In the early 1900s, natives were forced to adapt from hunters and gatherers to participants in the U.S. economic system, largely because the ecosystem changed. The Army Corps of Engineers dredged the swamp, built an elaborate system of canals, and constructed Tamiami Trail on top of a levee, interfering with the water flow from north to south. Natives began to make money by selling crafts to tourists and running alligator shows.
Buffalo Tiger was born on March 6, 1920 -- eight years before the Trail was completed -- the fourth of ten children. In his 2008 autobiography, Buffalo Tiger: A Life in the Everglades, he said his "baby name" was Mostaki. Tiger was a member of the Bird clan, which he said in his autobiography is historically known for its peacemaking.
Editors of his autobiography explain in the foreword to his book that Tiger's achievements include having spoken "for the Miccosukees during the Seminoles' struggle against termination." He also "guided their separation from the Seminoles, he presided over their first constitutional government, and he helped develop the contracting system that became a model for the U.S. policy of Indian self-determination."
Tiger described growing up in the Everglades when "there were all kinds of fish; all kids of birds; all kinds of snakes; all kinds of game. There were just too many sometimes."
He says that his people were known in their language as "Eelaponke" and that their ancestors hailed from the Tallahassee area, while the Seminole people or "Cheeshaponke" hailed from Alabama and Georgia, though the ethnic groups mixed somewhat over the years in South Florida.

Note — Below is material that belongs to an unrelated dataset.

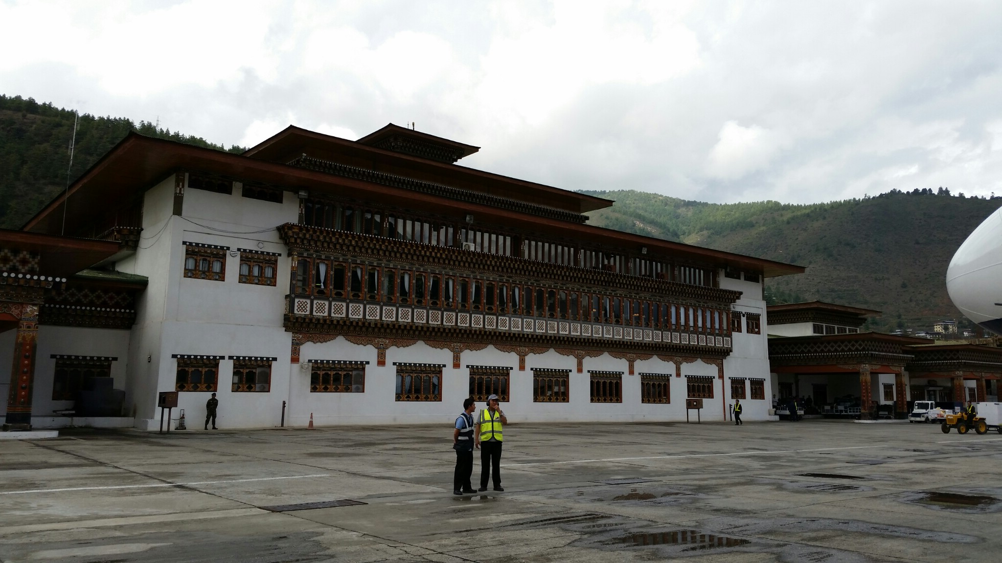 A primeira parte da aventura foi a descida no aeroporto de Paro, vindo de Kathmandu pela Drukair, companhia aérea butanesa. A aventura não foi por conta do avião em si, um Airbus 319 comum como os que costumamos utilizar em voos internos no Brasil. A questão é que o aeroporto é um dos mais difíceis de se pousar no mundo (existem menos de 10 pilotos treinados para pousar lá), pois ele fica num vale cercado por enormes montanhas a cerca de 5000 metros de altitude. Ao baixar das nuvens, o avião vai desviando literalmente das montanhas enquanto desce. Seria quase o equivalente a descer em Congonhas, São Paulo, tendo que ziguezaguear entre os prédios. Claro que com uma distância segura, mas foi uma experiência bem diferente.

Tiger wrote that Eelaponke believed in the Breathmaker, who created all living things and the land. "We must not destroy or sell it," he wrote. Money "cannot buy the land. We are not supposed to buy or sell even a cup of muck."
But in the 1950s, a postwar Republican-controlled Congress wanted to reduce debt and sought to close the books on federal obligations to tribes, according to Harry Kersey, co-author of Tiger's autobiography. It wanted to pay off obligations it had incurred in various treaties and let tribes run their own affairs, financially independent of the U.S. government.